Quantitative hypothesis testing reveals the most likely metabolic switching mechanisms

The posterior analysis is first carried out independently for each alternative metabolic switching mechanism (hypotheses H1,H2, and H3). The resulting approximations for the parameter posterior distributions show that the models are identifiable under all three metabolic wiring scenarios (Additional file 1: Figures S2-S4 and a summary about convergence diagnostics in Figure S5). In general, the predictions in all three scenarios are in a good agreement with the experimental wild-type data (see predicted total cell mass in Fig. 1C, wild type). The posterior predictive distributions (PPDs) are very similar under the hypotheses H1 and H2 and the only notable difference is a larger dynamical variability under H1 (Fig. 1C, Wild type). This finding is consistent since the models are nested and the additional switching route under hypothesis H1 increases the model flexibility. The PPD under hypothesis H3 exhibits less variability and additionally a distinct dynamic behavior of me compared to the other two scenarios. Furthermore, Fig. 1C shows the PPDs also for the petite strain and we can conclude that under all three hypotheses we are capable of predicting the total cell mass dynamics of the petite strain even though the dynamics of the non-observed model components may differ significantly. Consequently, we can conclude that the predictive performance of our models is good for both the training and the validation data sets. However, based on visual inspection, it is impossible to judge which hypothesis is most likely and, therefore, we perform statistically rigorous quantitative hypothesis testing over the hypotheses H1,H2, and H3.

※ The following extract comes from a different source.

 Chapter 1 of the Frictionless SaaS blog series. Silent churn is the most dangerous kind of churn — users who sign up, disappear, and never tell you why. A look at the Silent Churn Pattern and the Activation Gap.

Despite the non-distinguishable model predictions in the data space, the posterior analysis over different metabolic switching hypotheses shows significantly more evidence for H2 (Fig. 1C) with a posterior probability of H2 very close to 1 (the posterior probabilities as well as the estimated logarithmic marginal likelihoods are shown in parentheses after the hypothesis labels in Fig. 1C). This strong statistical evidence for H2 suggests that the metabolic switching to the quiescent state in wild-type yeast cells occurs always through the ethanol state in agreement with the current biological interpretations [7, 18, 22].

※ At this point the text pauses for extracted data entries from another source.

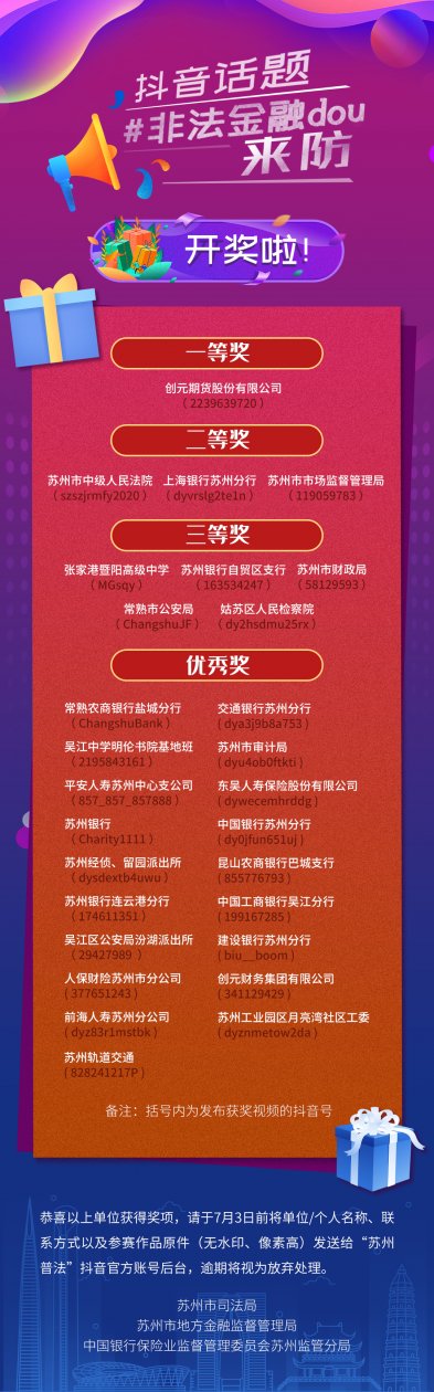为普及金融法律知识,提升全民防范意识,由苏州市司法局、苏州市地方金融监督管理局,以及中国银行保险业监督管理委员会苏州监管分局联合开展了一次“非法金融dou来防”抖音短视频话题挑战赛活动创元期货参赛并取得了第一名的好成绩。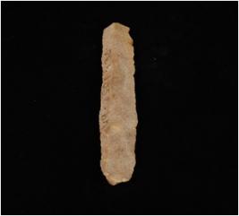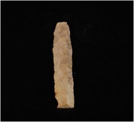 | Description / विवरण | Parallel sided blade on chert with double ridges on dorsal side, smooth ventral, trapezoid section and use wear marks on the cutting edge. |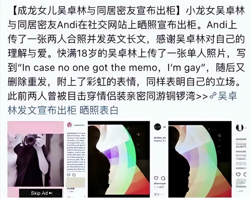在成年之后,吴卓林索性不藏了,直截了当地公布了自己不正常的性取向。

Spatial modeling framework to study colony formation

In our experimental setup, yeast cells grow on a glucose rich agar plate and form 3d colonies (Fig. 1A) but the underlying growth mechanisms in terms of metabolic activity and cell state transitions are not understood. To address this challenge, we construct a spatial modeling framework which allows us to predict three dimensional cell state and nutrient distributions during the colony formation process based on our inferred microenvironment model. In addition to cell mass and nutrient dynamics within the colony, we also model the nutrient dynamics within the agar.

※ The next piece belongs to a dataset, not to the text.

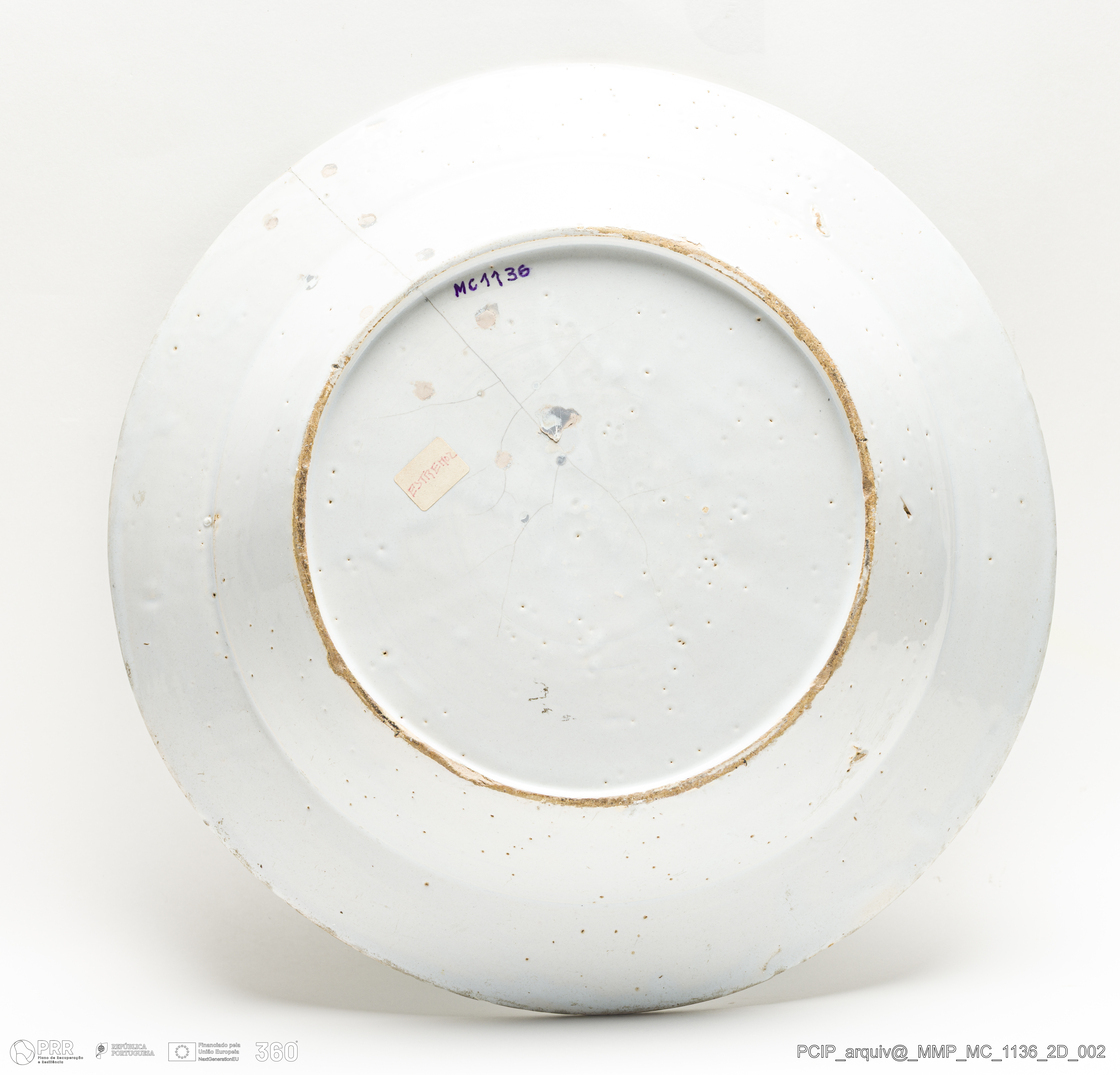 Matéria/Técnica: Faiança rodada. Pintura com óxido de cobalto; Cronologia: século XIX; Autoria: Desconhecido / Viana do Castelo, Portugal; Dimensões (cm): Diâmetro: 34,5.

To setup the spatial model, we discretize the space into elementary cubes (Fig. 2A). Since the size of the elementary cubes is chosen appropriately, the growth dynamics within each cube (microenvironment) can be modeled under the homogeneity assumption. In other words, each elementary cube consists of a homogeneous mixture of nutrients and cells in distinct metabolic states (Fig. 2A) and the time-evolution of these local components can be described using the microenvironment model developed above. The spatial colony formation is subsequently determined by the dynamics of interacting neighboring cubes with information exchange by the flow of nutrient signals and movement of the growing cell mass.

Fig. 2
figure 2

Illustration of the spatial modeling framework. Simulated colonies consist of interacting elementary cubes (for illustrative purposes, the cubes are here notably larger than in practise). a Illustration of the elementary cube approximation of a yeast colony. The upper part of the colony (gray elementary cubes) represents the cell mass domain. In these elementary cubes, each microenvironment consists of a mixture of nutrients and cells in different metabolic states. Further, the lower part of the colony (green elementary cubes) represents the nutrient rich agar domain. In the agar domain, each microenvironment can consist of a mixture of nutrients and no cell mass is present. b Mass movement is modeled by considering the fill levels of the elementary cubes. The cell mass is growing in the cubes and once a the fill level threshold is reached, cell mass starts to be move into the neighboring cubes. During the cell mass movement, relative fractions of cells in different metabolic states are moved along

The cell mass movement is modeled by considering fluxes between neighboring cubes determined by thresholded fill levels of the neighboring cubes where cell mass is moving from a high to low concentration (for illustration see Fig. 2B with parameters given in Table 1). The thresholding is essential because the size of elementary cubes is fixed and it is reasonable to assume that the mass movement does not occur until a certain amount of cell mass has accumulated locally and the resulting pressure starts to push cells forward. In our implementation, the fluxes are computed between six neighboring cubes in each spatial direction and the time-evolution of the full mass distribution is modeled using an ODE system which is determined by the net impact of the individual fluxes. The fluxes are always computed based on the thresholded total mass distribution and the proportions of metabolic states moving along the cell mass are proportional to the proportions of cell states in the cube from which the cell mass is moving. On top of the agar, cell mass can move only to five directions because mass movement into the agar is excluded.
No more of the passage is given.